With -no-strict-aliasing it seems clear it that it should be allowed.
Can you make a null pointer by casting from an expression that isn't a constant but that evaluates to 0?
Will that work in normal C compilers?
a) yes : 178 (56%)
b) only sometimes : 38 (12%)
c) no : 22 ( 6%)
d) don't know : 67 (21%)
e) I don't know what the question is asking : 11 ( 3%)
f) no response : 7
Do you know of real code that relies on it?
yes : 56 (18%)
yes, but it shouldn't : 21 ( 6%)
no, but there might well be : 113 (37%)
no, that would be crazy : 63 (20%)
don't know : 50 (16%)
no response : 20
This is very often assumed to work. The only exception seems to be some (unidentified) embedded systems.
NULL was until maybe C99 or so only conventionally zero, and on some embedded platforms it in practice had a nonzero value. I have not seen this in a very long time. (Ethan Blanton)
Some embedded compilers use a non-zero null pointer so they can point it at unaddressable memory, when the zero page is addressable. (Richard Smith)
WRT GCC:
A "mainstream C" semantics should permit it.
Can null pointers be assumed to be represented with 0?
Will that work in normal C compilers?
a) yes : 201 (63%)
b) only sometimes : 50 (15%)
c) no : 54 (17%)
d) don't know : 7 ( 2%)
e) I don't know what the question is asking : 4 ( 1%)
f) no response : 7
Do you know of real code that relies on it?
yes : 187 (60%)
yes, but it shouldn't : 61 (19%)
no, but there might well be : 42 (13%)
no, that would be crazy : 7 ( 2%)
don't know : 12 ( 3%)
no response : 14
Basically an unequivocal "yes" for mainstream systems. For example:
For all targets supported by GCC, yes. (Joseph Myers)

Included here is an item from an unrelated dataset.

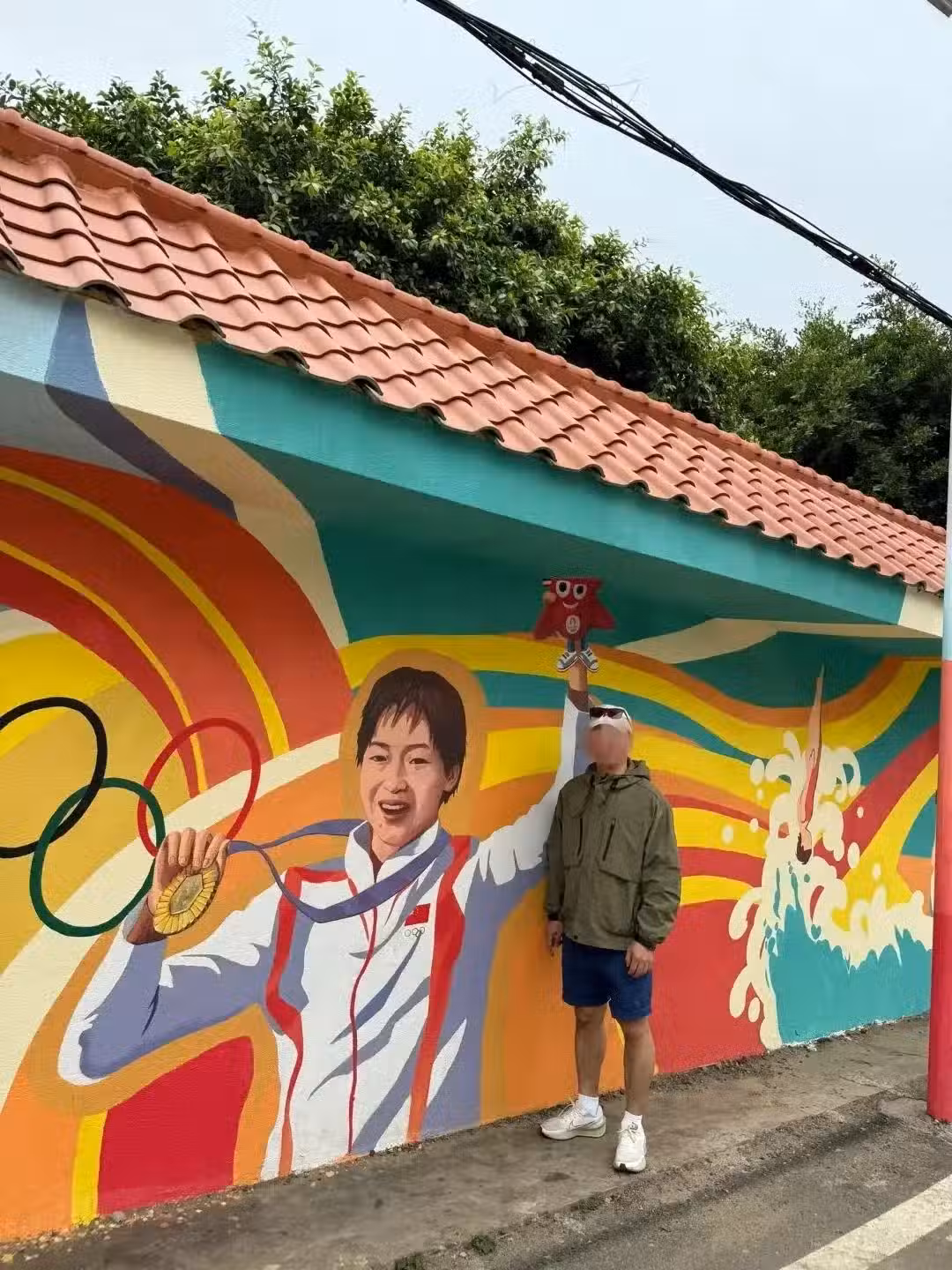 遊客發現邁合村小學旁邊有一面專屬於全紅嬋的繪畫牆,這面牆上畫著全紅嬋在巴黎奧運會上奪金的一幕。她向眾人展示自己的金牌,笑得十分燦爛。此外,牆上還繪畫了全紅嬋跳水的一系列動作,可以說是栩栩如生。

My understanding is that (1) memset-ing a pointer to zero is NOT guaranteed by the spec to produce a null pointer, but that (2) it does on all systems that most people care about, and that there is real code that relies on that. Being able to memset a struct to zero and have all the fields come out null/zero is convenient enough that I kind of wish the spec would change in this regard. (Matthew Steele)
Note that the POSIX committee is currently discussing a requirement
that a pointer value with all bits zero be treated as a null pointer
(the requirement is specifically that memset()
on a structure
containing pointers initialize those pointers to nulls). (anon)

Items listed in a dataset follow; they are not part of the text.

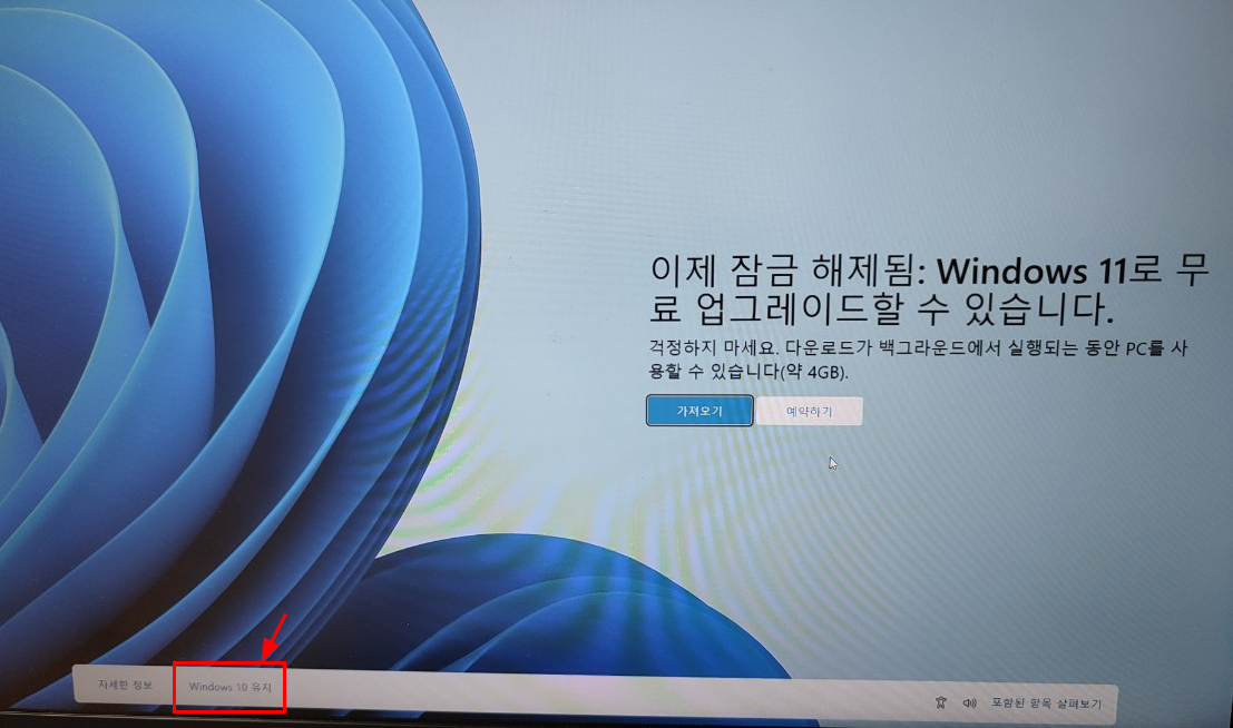다만 1회만으로 끝나는 것이 아니고, 다음번 언제가 또 윈도우11로 업그레이드 하라는 화면이 또 나올 것이다.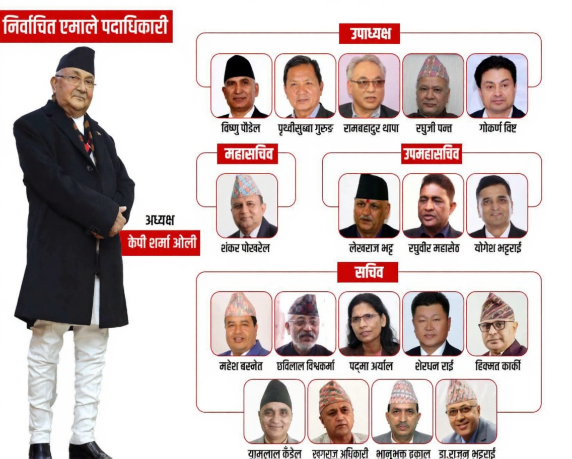 १९ सदस्यीय पदाधिकारीमध्ये १४ जना अर्थात् अधिकांश ६० वर्षभन्दा माथिका छन् । ६० वर्षमुनिका मात्र ५ जना छन् । ७० वर्ष पुगेका दुईजना मात्र छन्— ओली (७४) र उपाध्यक्ष रामबहादुर थापा ‘बादल’ (७०) ।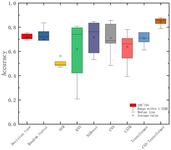 Through the Friedman test analysis results table, it can be seen that the CNN-Transformer algorithm has the highest median, while the SVM algorithm has the lowest median. The significance p value is 0.000 ***, so the statistical results are significant, indicating that there are significant differences between Decision tree, Random forest, SVM, KNN, XGBoost, CNN, LSTM, Transformer, and CNN-Transformer; the difference magnitude Cohen’s f value is 0.718, which means there is a large difference.
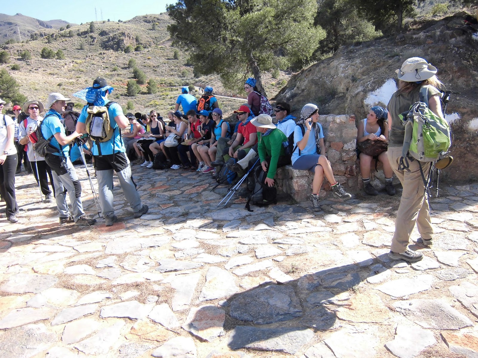 El calor aumenta el cansancio y éste alarga las paradas. Como resultado se acumula un retraso de casi una hora sobre el horario previsto. Empezamos a recibir diferentes llamadas de los siguientes puntos de incorporación que nos esperan impacientes. Los responsables de Íllar, con buen criterio, deciden mantener a su grupo –más numeroso de la docena inicialmente prevista- en el pueblo, antes de llevarlos al punto de incorporación. El grupo de Almería los encuentra casi “disputándose” las pocas zonas de sombra.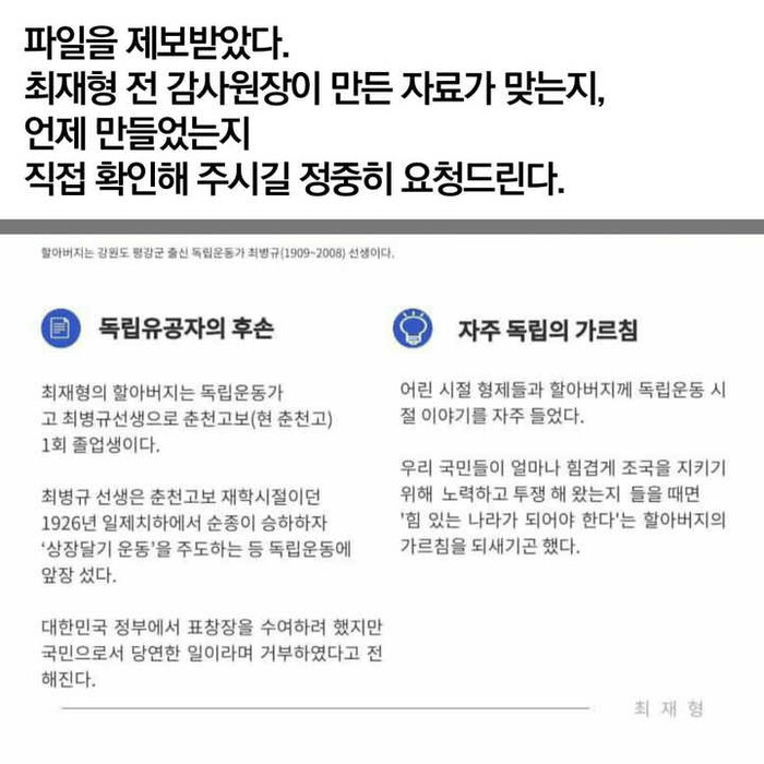 그는 "파일을 제보받았다. 최재형 전 감사원장이 만든 자료가 맞는지, 언제 만들었는지 직접 확인해 주시길 정충히 요청드린다"라며 다음과 같은 내용의 게시물을 올렸다. 게시물을 보면 최 전 원장의 조부가 대한민국 표창장도 거부한 독립운동가로 묘사되어 있다.
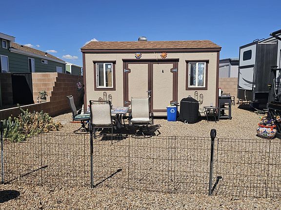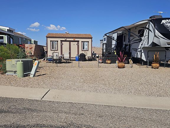 Arizona Legends, a welcoming 55+ community, offers outstanding amenities including a clubhouse, fitness center, library, laundry facilities, pool, and spa. With water, sewer, and trash included in the low $85/month HOA fee, it's an affordable and hassle-free lifestyle. This lot includes some outdoor furniture and a 16'x20' shed with power and water a Washer and Dryer with room to store all of your things.

Again a potential exception for segmented memory, but not relevant for "mainstream" current practice:
Can one read the byte representation of a struct as aligned words without regard for the fact that its extent might not include all of the last word?
Will that work in normal C compilers?
a) yes : 107 (33%)
b) only sometimes : 81 (25%)
c) no : 44 (13%)
d) don't know : 47 (14%)
e) I don't know what the question is asking : 36 (10%)
f) no response : 8
Do you know of real code that relies on it?
yes : 40 (13%)
yes, but it shouldn't : 39 (13%)
no, but there might well be : 103 (35%)
no, that would be crazy : 42 (14%)
don't know : 67 (23%)
no response : 32
This is sometimes used in practice and believed to work, modulo alignment, page-boundary alignment, and valgrind/MSan/etc.
The C version of strcmp()
in FreeBSD is a good example (Brooks Davis)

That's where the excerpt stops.